How Healing the Leaky Gut Could Heal Your Life

by Lissa Rankin, OB/GYN

What do your intestines have to do with mojo? EVERYTHING! Sure, you can be vital , even if you’re ill. But if you have leaky gut syndrome, it might manifest in ways you would never expect, such as depression, chronic fatigue syndrome, food allergies, gas and bloating, or the inability to find relief from other diseases, even when adequately treated.

What is leaky gut syndrome?

Good question. I’m a doctor and I never heard about it at Duke or Northwestern, where I trained. While conventional medicine doesn’t recognize the existence of “leaky gut” syndrome, many naturopathic and integrative medicine doctors believe that a “leaky gut” can impair the natural healing process of the body and impede both traditional and alternative treatments.

In theory, leaky gut syndrome results from damage to the intestinal lining that leads to a state of intestinal hyperpermeability, allowing undigested proteins, fats, waste, bacteria, and other toxins to “leak” through the gut membrane, which should only allow healthy nutrients through. These particles can then wind up in the blood stream and lymphatic system, where the immune system tries to come to the rescue to eliminate these unwanted intruders, triggering an auto-immune response. While a natural immune response is usually a good thing, too much can lead to a state of inflammation, which wreaks havoc in ways you may never relate to gastrointestinal function. A normal intestinal lining brilliantly lets good stuff through, while screening bad stuff out, allowing it to be excreted as waste. But when this membrane is impaired, beware!

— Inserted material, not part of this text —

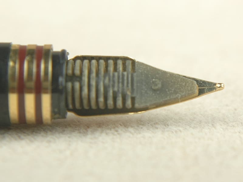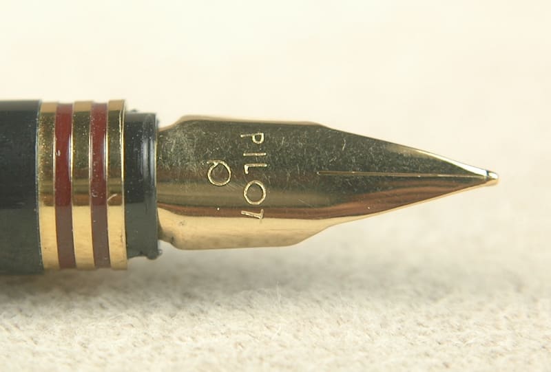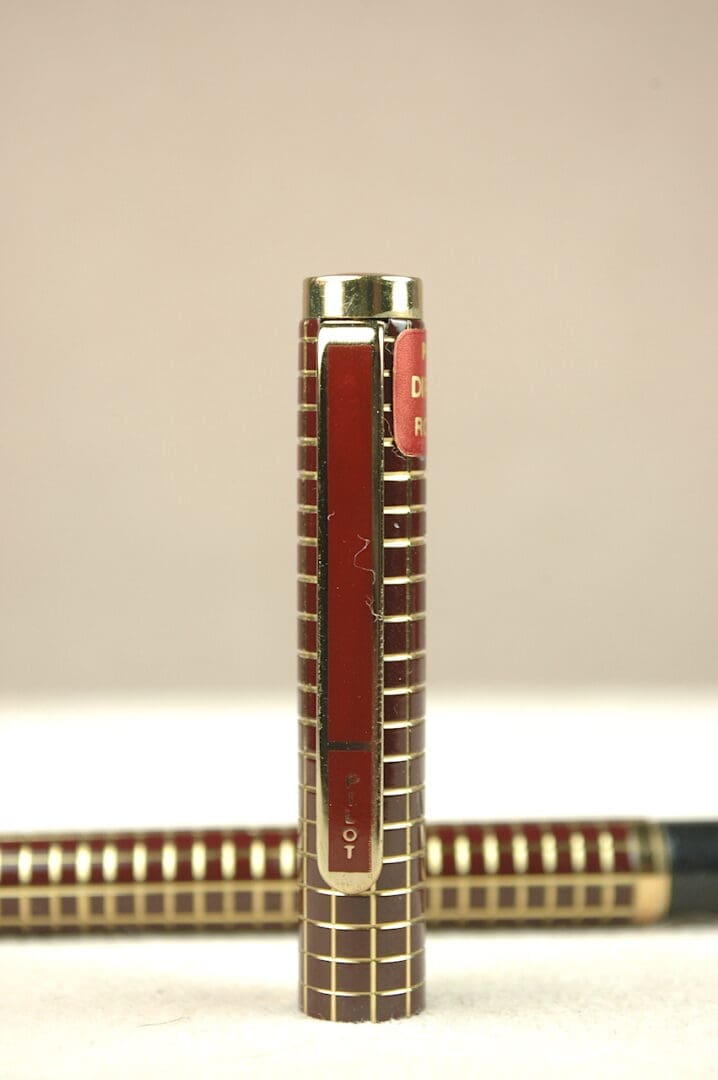 Bordering on vintage, the Pilot Dipper RC.F is a classic pen from the vaunted Japanese brand. Its slender design makes us think it is from the 1970s or ’80s. Burgundy squares boxed by golden grooves makes this a particularly handsome preowned pen. You can see it still has its original cap sticker. Aside from light scratching on the section, this pen looks brand new. Included is its working aerometric-style squeeze-bar converter. We filled the Pilot Dipper RC.F with water and it works well. There are no signs indicating this pen has ever been inked. As such, we didn’t dip it to test it out. It looks like a golden alloy nib with a fine-point tip. 13.2cm capped.

What kinds of symptoms might result from leaky gut?

Common early symptoms include gas, bloating, and fatigue, which should not be considered normal. These harbingers of other stuff brewing may be your only clue that your intestines need to be healed. If time goes by, you may wind up with chronic fatigue, skin rashes like eczema, psoriasis, or even chronic vulvar itching, food allergies, gluten intolerance, memory problems, mood disorders, body aches and joint pains, and other vague, seemingly unrelated conditions.

Why has my doctor never heard of this?

Nobody ever taught me about leaky gut syndrome in medical school, and unless you’re out there researching and self-educating yourself about complementary and alternative medicine treatments, you would never hear about it. Why is that? We Western docs are research fanatics, and the trust of the matter is that most of the expensive research that fuels modern medicine is sponsored by drug companies hoping to prove that their product works. Once they’ve proved it in randomized controlled trials, it becomes mainstream. Because there is no “drug” to treat leaky gut syndrome and nobody has paid to perform big studies, we just don’t have a lot of data out there in the mainstream medical literature, so it falls largely into the realm of what traditional docs call “anecdotal medicine” (and d...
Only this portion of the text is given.